Setting up and testing your Cloud environment

Complete the following steps to set up a GCP account, activate the AI Platform API, and install and activate the Cloud SDK.

Set up your GCP project

  1. Select or create a Google Cloud Platform project. Go To The Manager Resources Page

  2. Make sure that billing is enabled for your Google Cloud Platform project. Learn How To Enable Billing

  3. Enable the AI Platform ("Cloud Machine Learning Engine") and Compute Engine APIs. Enable The APIs

  4. Install and initialize the Cloud SDK.

Training locally

Create a virtual environment

  1. Install virtualenv virtualenv is a tool to create isolated Python environments. Check if you already have virtualenv installed by running virtualenv --version.

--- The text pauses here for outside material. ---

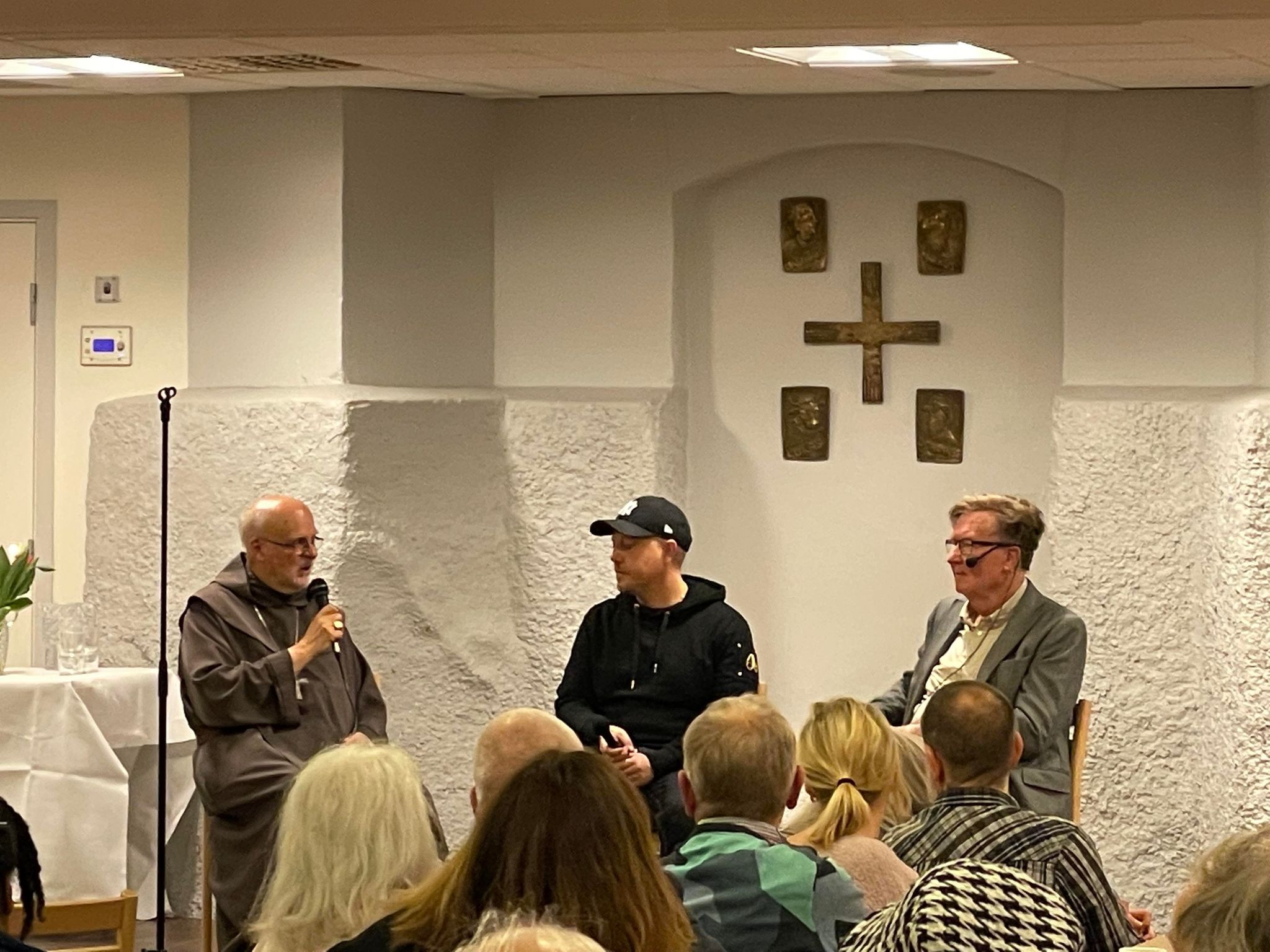 Sebastian sade skämtsamt till mig att han lärt sig ett nytt ord ikväll: ”synodal process”. Ja, vi katoliker vill gärna sätta tekniska termer på mycket, vilket lätt leder till en intellektualisering som fjärmar oss från verkligheten istället för att närma oss den (inte heller alla katoliker har ju varit bekväma med de påbjudna synod-samtalen i församlingarna och valt att inte delta). Synodalitet betyder vandra tillsammans, och det är ju det som det är att vara kyrka. – Sebastian Stakset gör och kommer till skott med det vi katoliker ägnar så mycket tid åt att prata om, och som vi kanske tänker oss komma till skott mednågon gång i framtiden då vi hoppas vara fullärda.

    pip install --user --upgrade virtualenv

    To create an isolated development environment for this guide, create a new virtual environment in virtualenv. For example, the following command activates an environment named cmle-env:

    virtualenv cmle-env --python=python2.7
    source cmle-env/bin/activate
  2. For the purposes of this tutorial, run the rest of the commands within your virtual environment.

Get your training data

The relevant data files for training, iris_training.csv and iris_test.csv, are stored in the data folder.

  1. Set the TRAIN_DATA AND EVAL_DATA variables to your local file paths. For example, the following commands set the variables to local paths.

    TRAIN_DATA=$(pwd)/data/iris_training.csv
    EVAL_DATA=$(pwd)/data/iris_test.csv
  2. Install dependencies

    pip install -r ../requirements.txt

Run a local training job

A local training job loads your Python training program and starts a training process in an environment that's similar to that of a live AI Platform cloud training job.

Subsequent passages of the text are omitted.